→ **Supplied records**
Content starts

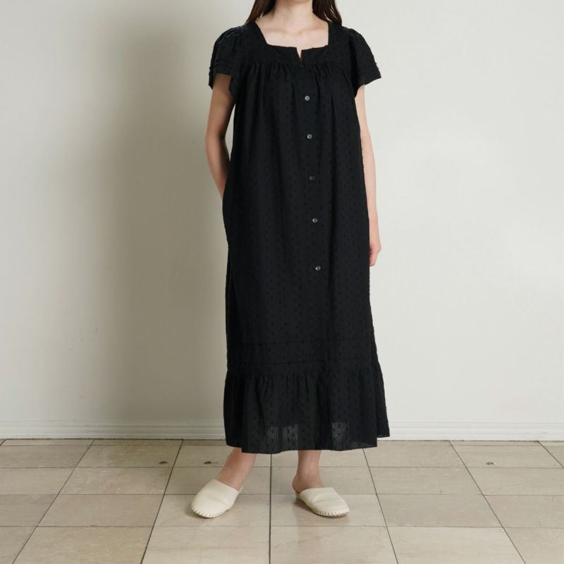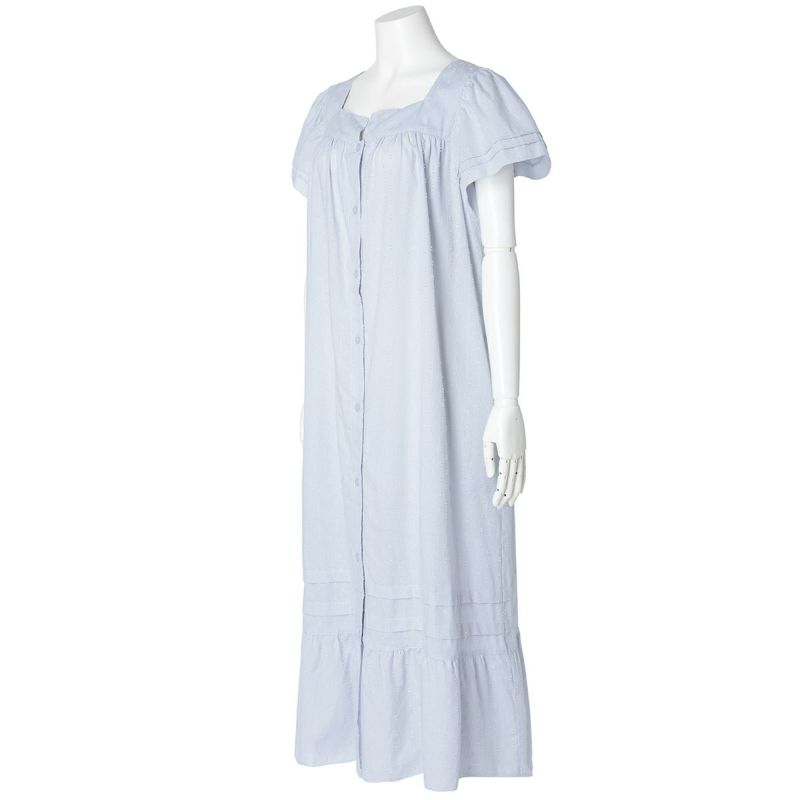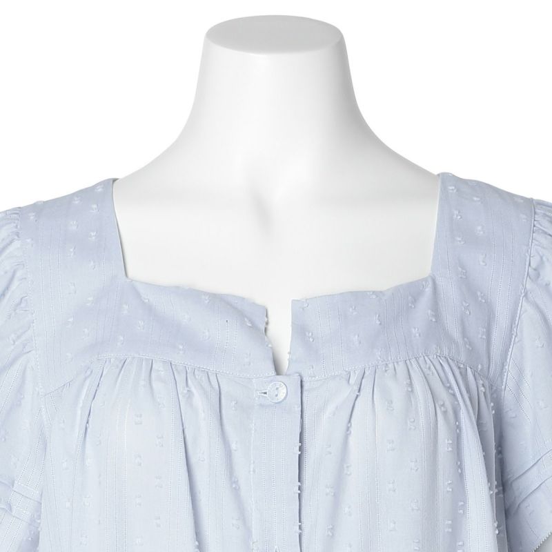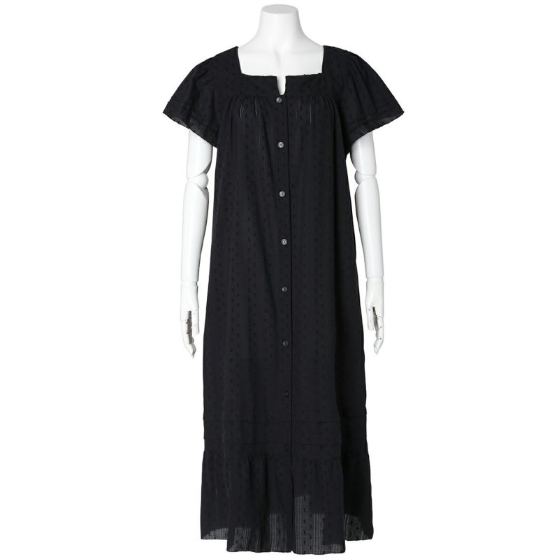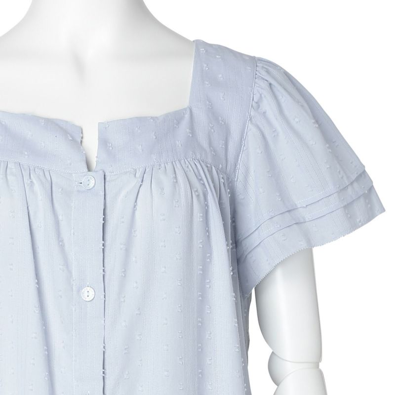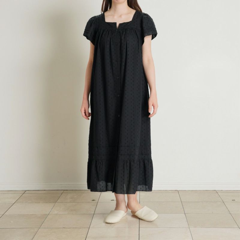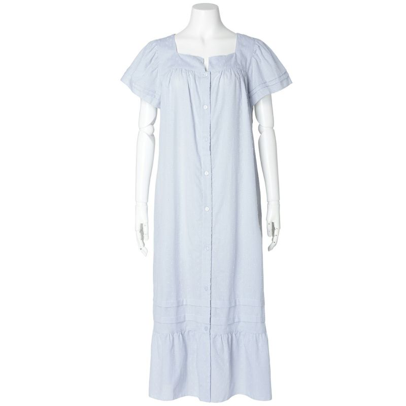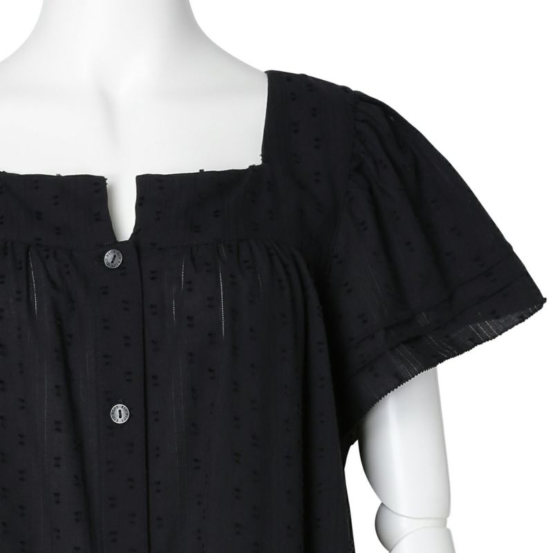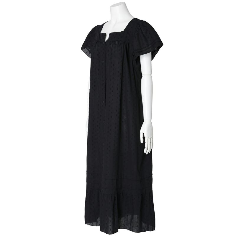 半袖ナイティは、クラシカルなスクエアネック仕立てでデコルテをきれいに見せつつ、キーネック風デザインで甘すぎない大人の雰囲気に。裾や袖口にはピコカット仕上げを施し、さりげない可憐さをプラス。フレアの袖やティアードでよりかわいらしく。ゆったりしたシルエットで体型をカバーしながら、快適な着心地を楽しめます。便利なサイドポケット付き。
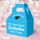 Ce ballotin moderne de la fête de fin d'études supérieures en bleu ciel et blanc personnalisé vous propose le nom de votre lycée ou de l'université pour la classe de 2025. Customisez avec votre année de graduation sous l'écriture chic manuscrite et le casquette noir de grad pour un grand cadeau de maintien de diplômes personnalisés.
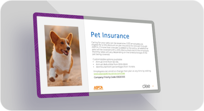 Pet Insurance Caring for your pets can be expensive. CIEE employees are eligible for a 10% discount on pet insurance for one pet through ASPCA. If more than one pet is added to the policy, all additional pets will be covered with a 20% discounted cost to the employee. Monthly rates will vary depending on the breed and age of the pet being covered. Customizable options available: • Annual limit from $3-10k • Annual deductible from $100-$500 • Reimbursement percentages from 70-90% Employees can enroll or change their plan at any time by visiting: www.aspcapetinsurance.com/ciee Company Priority Code: EB22CIEE 23
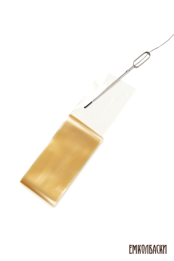 Перед использованием оболочку можно замочить на 5-10 минут в теплой воде для придания ей большей эластичности, а можно набивать в нее и без замачивания.
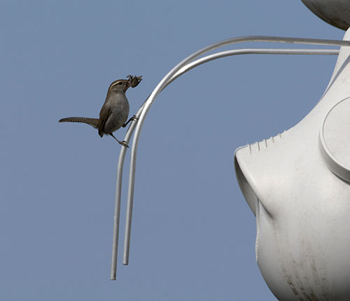 Bewick's Wren bringing nesting material to Purple Martin house
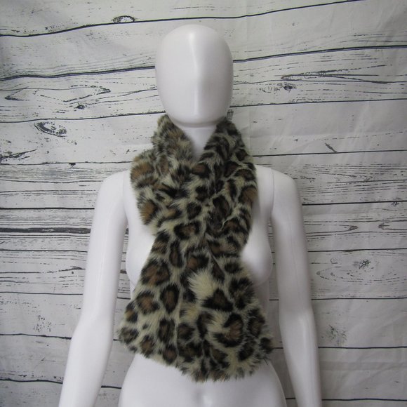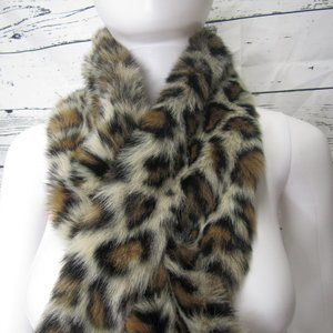 Faux Fur Leopard Print Stole, In very good condition, Fully Lined, 5" x 42"
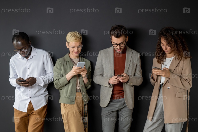 Группа молодых предпринимателей, использующих мобильные телефоны
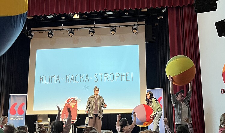 Im Rahmen der lit.Cologne gingen Mai und Marie der Frage nach, ob die Dinosaurier alle tot sind. Spoiler: Sind sie nicht. „Ich habe gerade wieder einen Dino gesehen“, erklärt Mai und weckt damit die Neugier der Kinder und ihrer Begleitpersonen. Und dann wird viel erklärt: Es geht um Evolution, Wissenschaft und Biologie.
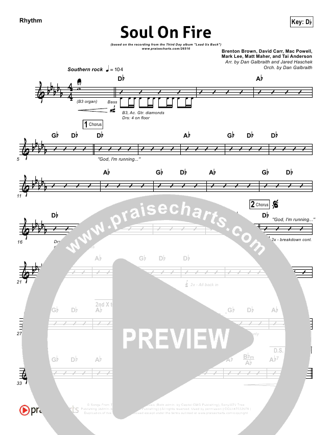 Download the Rhythm Chart for Soul On Fire by Third Day, from the album Lead Us Back. This song was arranged by Daniel Galbraith / Jared Haschek in the key of A, Ab, Bb, C, Db, G.
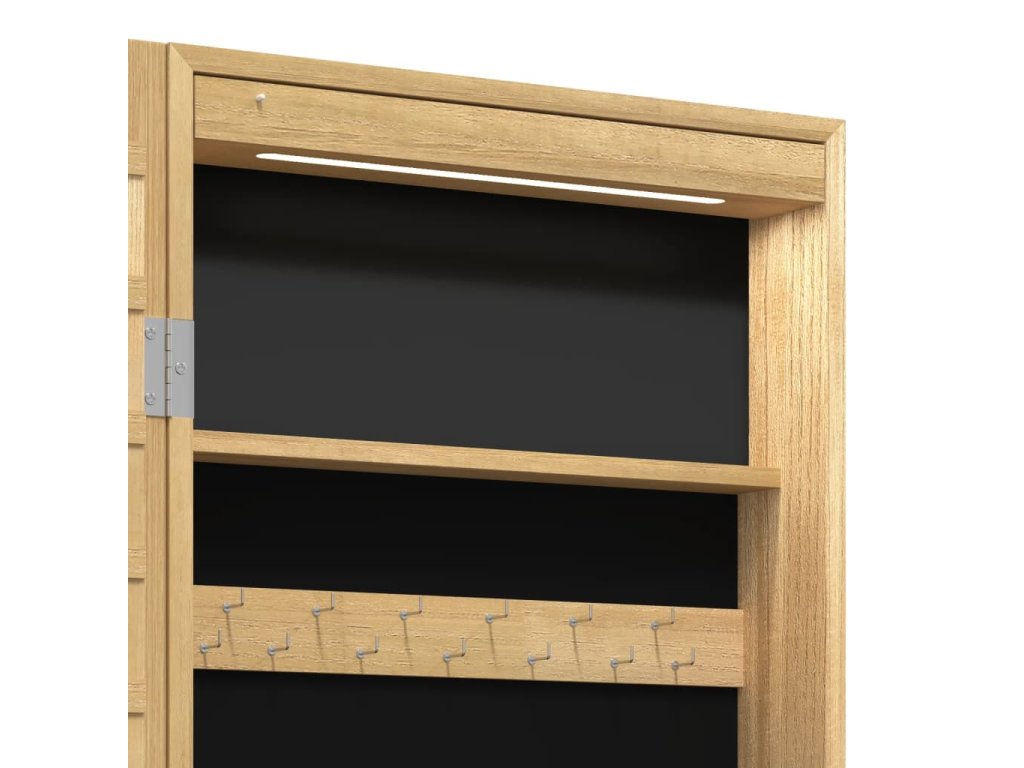 - Dostatek úložného prostoru: Zrcadlová skříňka nabízí spoustu háčků, věšáků a poliček, abyste měli šperky přehledně uspořádané a po ruce.

Content ends

→ **What this task involves**
What is needed is every entry above, repeated exactly, with the pictures dropped.

→ **Task result**
 半袖ナイティは、クラシカルなスクエアネック仕立てでデコルテをきれいに見せつつ、キーネック風デザインで甘すぎない大人の雰囲気に。裾や袖口にはピコカット仕上げを施し、さりげない可憐さをプラス。フレアの袖やティアードでよりかわいらしく。ゆったりしたシルエットで体型をカバーしながら、快適な着心地を楽しめます。便利なサイドポケット付き。
 Ce ballotin moderne de la fête de fin d'études supérieures en bleu ciel et blanc personnalisé vous propose le nom de votre lycée ou de l'université pour la classe de 2025. Customisez avec votre année de graduation sous l'écriture chic manuscrite et le casquette noir de grad pour un grand cadeau de maintien de diplômes personnalisés.
 Pet Insurance Caring for your pets can be expensive. CIEE employees are eligible for a 10% discount on pet insurance for one pet through ASPCA. If more than one pet is added to the policy, all additional pets will be covered with a 20% discounted cost to the employee. Monthly rates will vary depending on the breed and age of the pet being covered. Customizable options available: • Annual limit from $3-10k • Annual deductible from $100-$500 • Reimbursement percentages from 70-90% Employees can enroll or change their plan at any time by visiting: www.aspcapetinsurance.com/ciee Company Priority Code: EB22CIEE 23
 Перед использованием оболочку можно замочить на 5-10 минут в теплой воде для придания ей большей эластичности, а можно набивать в нее и без замачивания.
 Bewick's Wren bringing nesting material to Purple Martin house
 Faux Fur Leopard Print Stole, In very good condition, Fully Lined, 5" x 42"
 Группа молодых предпринимателей, использующих мобильные телефоны
 Im Rahmen der lit.Cologne gingen Mai und Marie der Frage nach, ob die Dinosaurier alle tot sind. Spoiler: Sind sie nicht. „Ich habe gerade wieder einen Dino gesehen“, erklärt Mai und weckt damit die Neugier der Kinder und ihrer Begleitpersonen. Und dann wird viel erklärt: Es geht um Evolution, Wissenschaft und Biologie.
 Download the Rhythm Chart for Soul On Fire by Third Day, from the album Lead Us Back. This song was arranged by Daniel Galbraith / Jared Haschek in the key of A, Ab, Bb, C, Db, G.
 - Dostatek úložného prostoru: Zrcadlová skříňka nabízí spoustu háčků, věšáků a poliček, abyste měli šperky přehledně uspořádané a po ruce.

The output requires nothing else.